▸ THE DATA:
=== Begin Enclosure ===

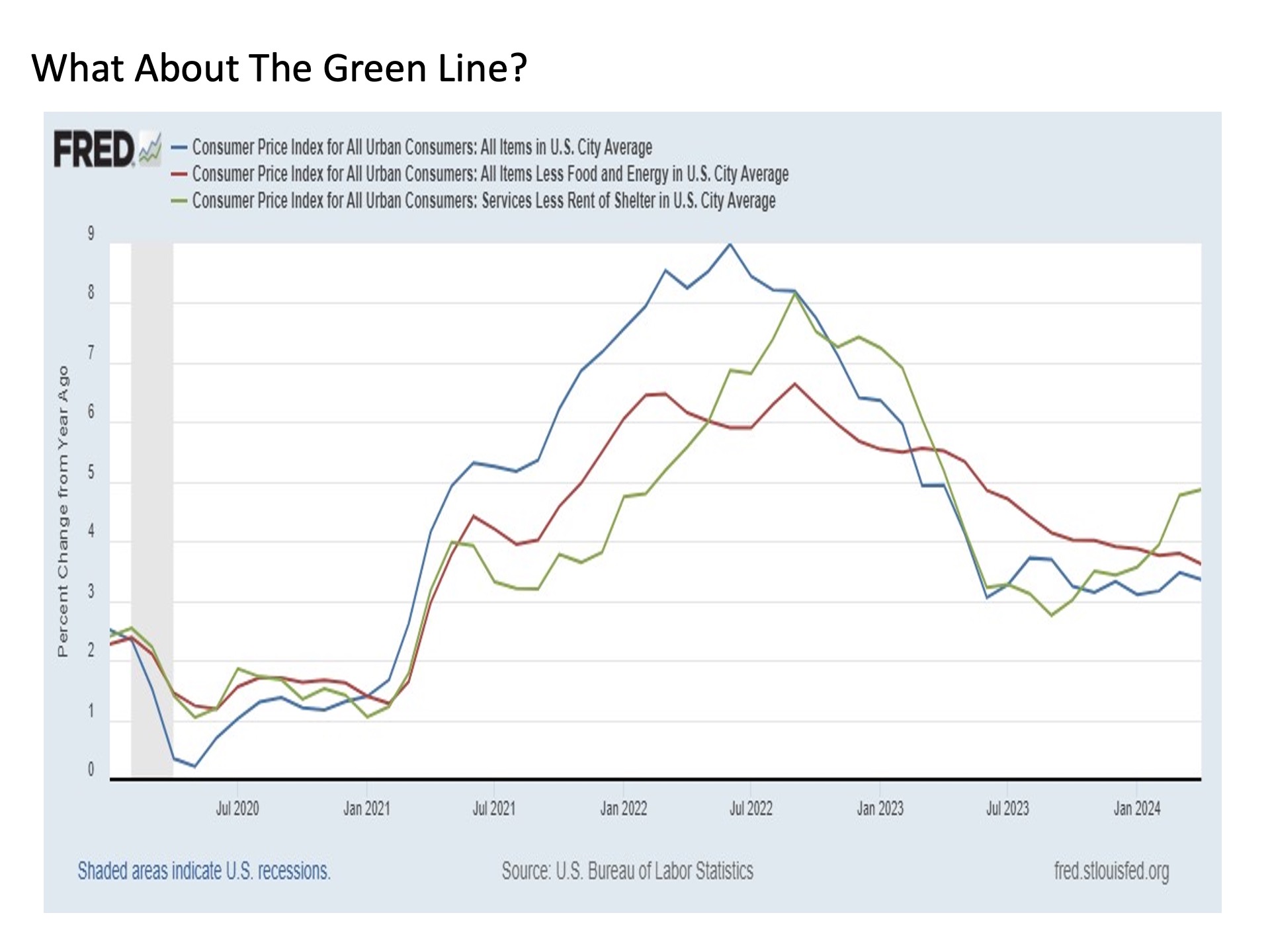 The green line in the chart above is the inflation rate for services in the U.S. economy outside of the cost to own or rent a place to live. Think services like your water and trash collection bills, your doctor bills, your car insurance, your vet bills, and the cost for movie and sporting event tickets among many others. In short, it’s all the things we spend our money on each month in the course of living (and hopefully enjoying) our day to day lives. This services ex shelter inflation rate had been falling since 2022 even faster than the headline readings reaching a low of just 2.8% by last September. But since the end of 2023 and through 2024 so far, this services ex shelter inflation rate fire has roared back to life. As of the latest reading for April 2024, it’s closing in on 5%. Hot, hot, hot!!!
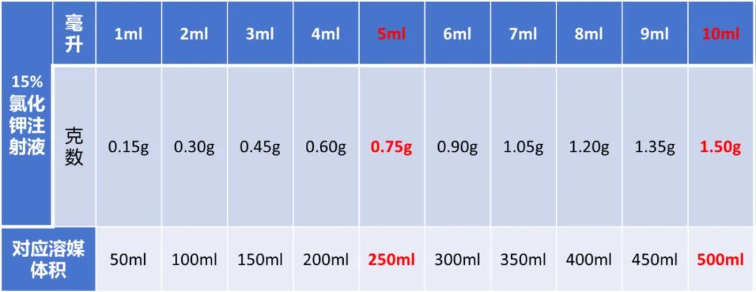 新規格風險點:15%氯化鉀每支含鉀20.1mmol,需嚴格計算溶媒中最大加入量;
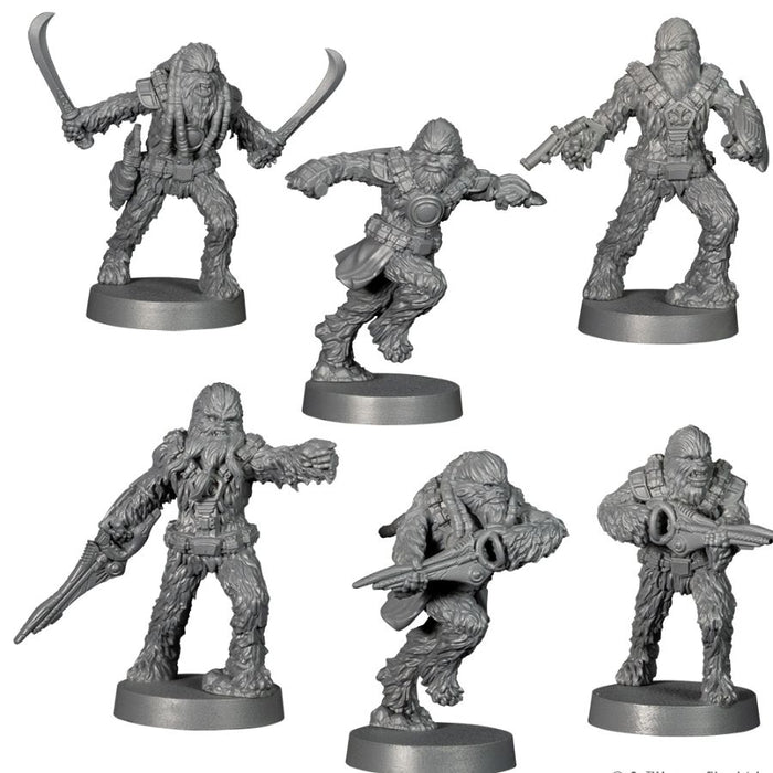 La expansión de la unidad Wookiee Warriors pone a tu disposición seis miniaturas de Wookiee Warrior que se pueden ensamblar y usar de varias maneras, incluso como una unidad de corto alcance que lleva cuchillas ryyk y pistolas Kashyyk o una unidad de francotiradores Wookiee que disparan carabinas X1. No importa cómo montes tus miniaturas, cuatro cartas de mejora te invitan a desplegar estas unidades para las facciones de la República y Rebelde. Además, una miniatura que representa a un Wookiee Chieftain puede entrar en combate como comandante de la República y una quinta carta de unidad y tres cartas de mando les permiten influir aún más en tu estrategia. Finalmente, ocho cartas de actualización te invitan a personalizar tus unidades con wookiees que llevan una gran variedad de armamento.
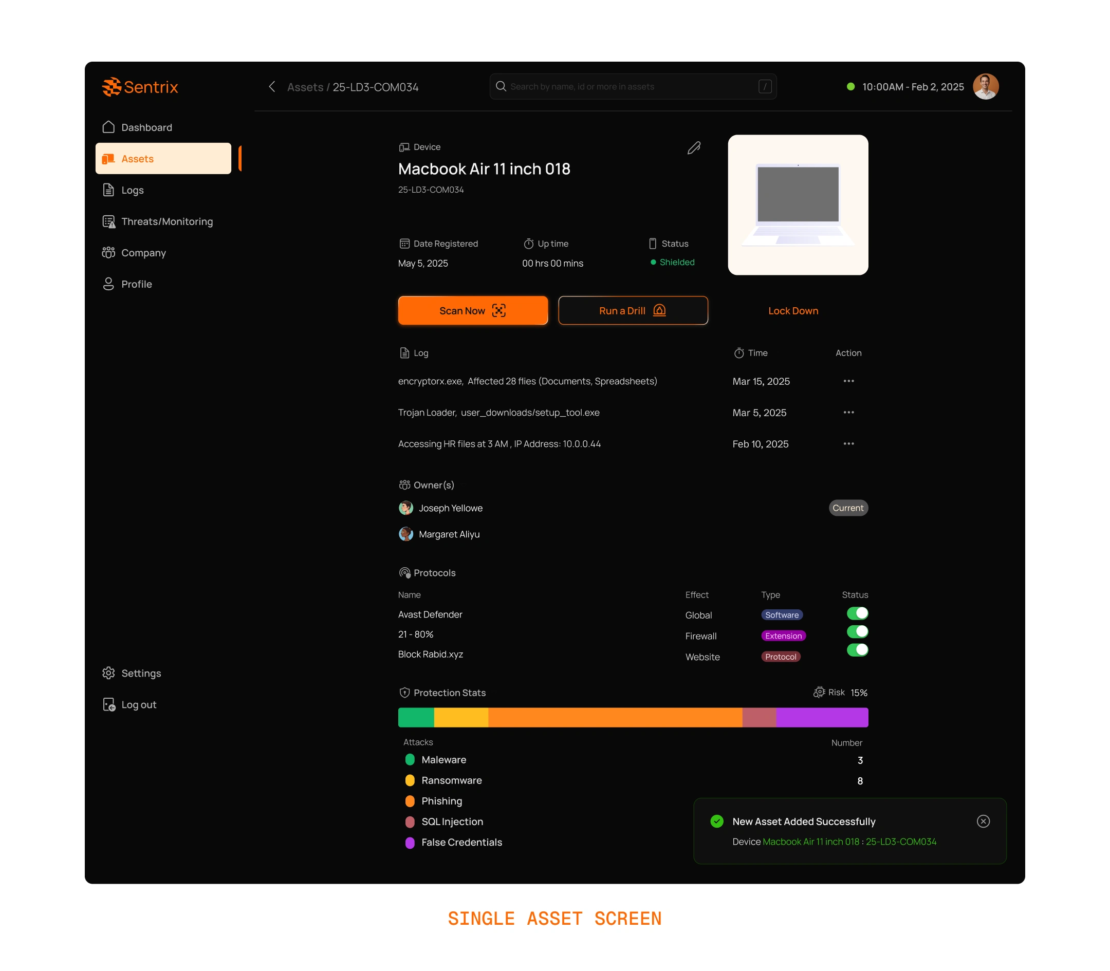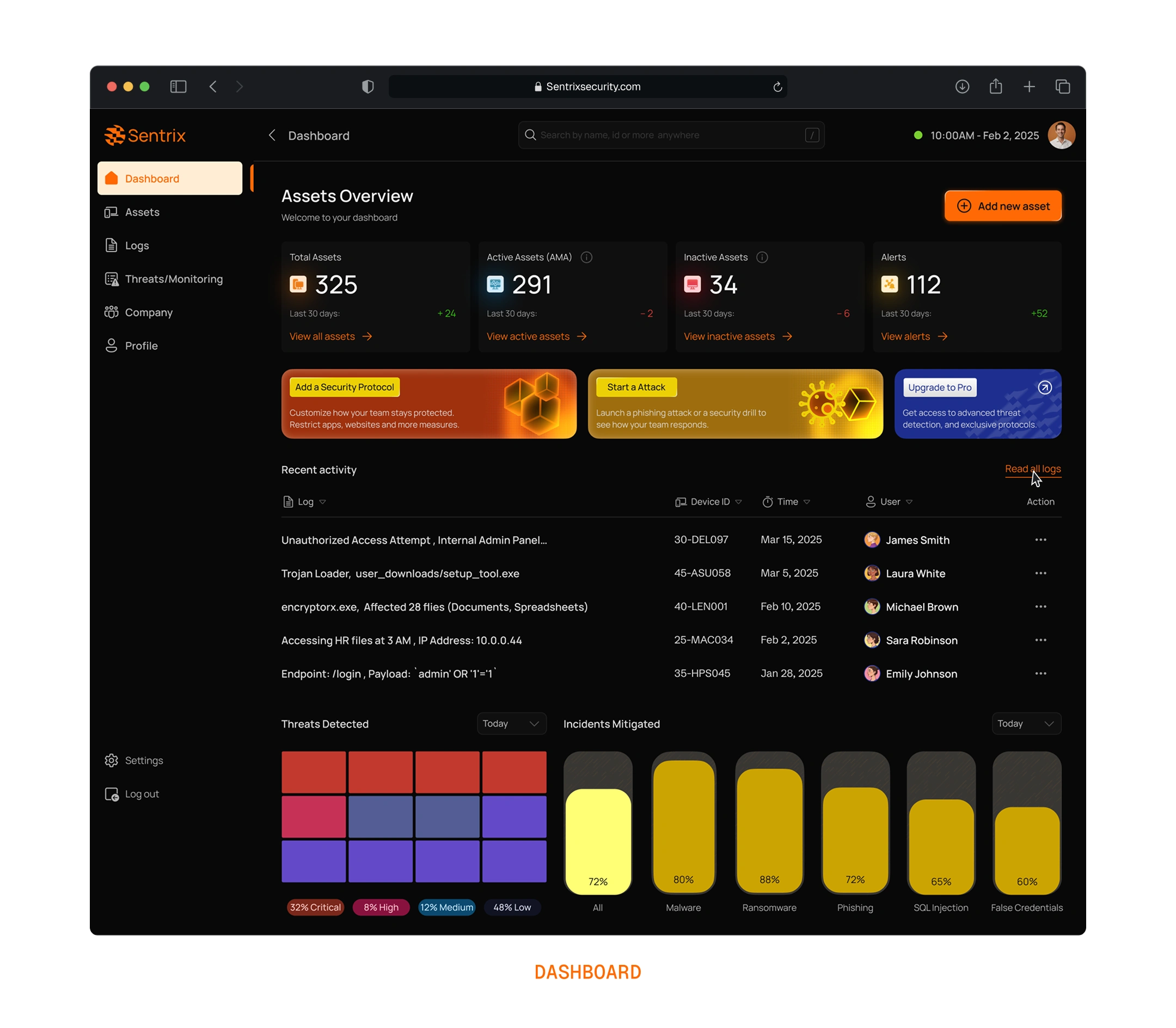 The product design intentionally avoided fear-based patterns. Dashboards were simplified to focus on assets, alerts, and incidents with clear status indicators. Logs were grouped into readable incidents. By designing for confidence instead of fear, Sentrix helped users stay engaged, take action sooner, and trust the product as a reliable security partner rather than a source of stress.

=== End Enclosure ===

▸ WHAT THE TASK REQUIRES: Output the listing above exactly as it stands; no picture should appear.

▸ WRITTEN SOLUTION:
 The green line in the chart above is the inflation rate for services in the U.S. economy outside of the cost to own or rent a place to live. Think services like your water and trash collection bills, your doctor bills, your car insurance, your vet bills, and the cost for movie and sporting event tickets among many others. In short, it’s all the things we spend our money on each month in the course of living (and hopefully enjoying) our day to day lives. This services ex shelter inflation rate had been falling since 2022 even faster than the headline readings reaching a low of just 2.8% by last September. But since the end of 2023 and through 2024 so far, this services ex shelter inflation rate fire has roared back to life. As of the latest reading for April 2024, it’s closing in on 5%. Hot, hot, hot!!!
 新規格風險點:15%氯化鉀每支含鉀20.1mmol,需嚴格計算溶媒中最大加入量;
 La expansión de la unidad Wookiee Warriors pone a tu disposición seis miniaturas de Wookiee Warrior que se pueden ensamblar y usar de varias maneras, incluso como una unidad de corto alcance que lleva cuchillas ryyk y pistolas Kashyyk o una unidad de francotiradores Wookiee que disparan carabinas X1. No importa cómo montes tus miniaturas, cuatro cartas de mejora te invitan a desplegar estas unidades para las facciones de la República y Rebelde. Además, una miniatura que representa a un Wookiee Chieftain puede entrar en combate como comandante de la República y una quinta carta de unidad y tres cartas de mando les permiten influir aún más en tu estrategia. Finalmente, ocho cartas de actualización te invitan a personalizar tus unidades con wookiees que llevan una gran variedad de armamento.
 The product design intentionally avoided fear-based patterns. Dashboards were simplified to focus on assets, alerts, and incidents with clear status indicators. Logs were grouped into readable incidents. By designing for confidence instead of fear, Sentrix helped users stay engaged, take action sooner, and trust the product as a reliable security partner rather than a source of stress.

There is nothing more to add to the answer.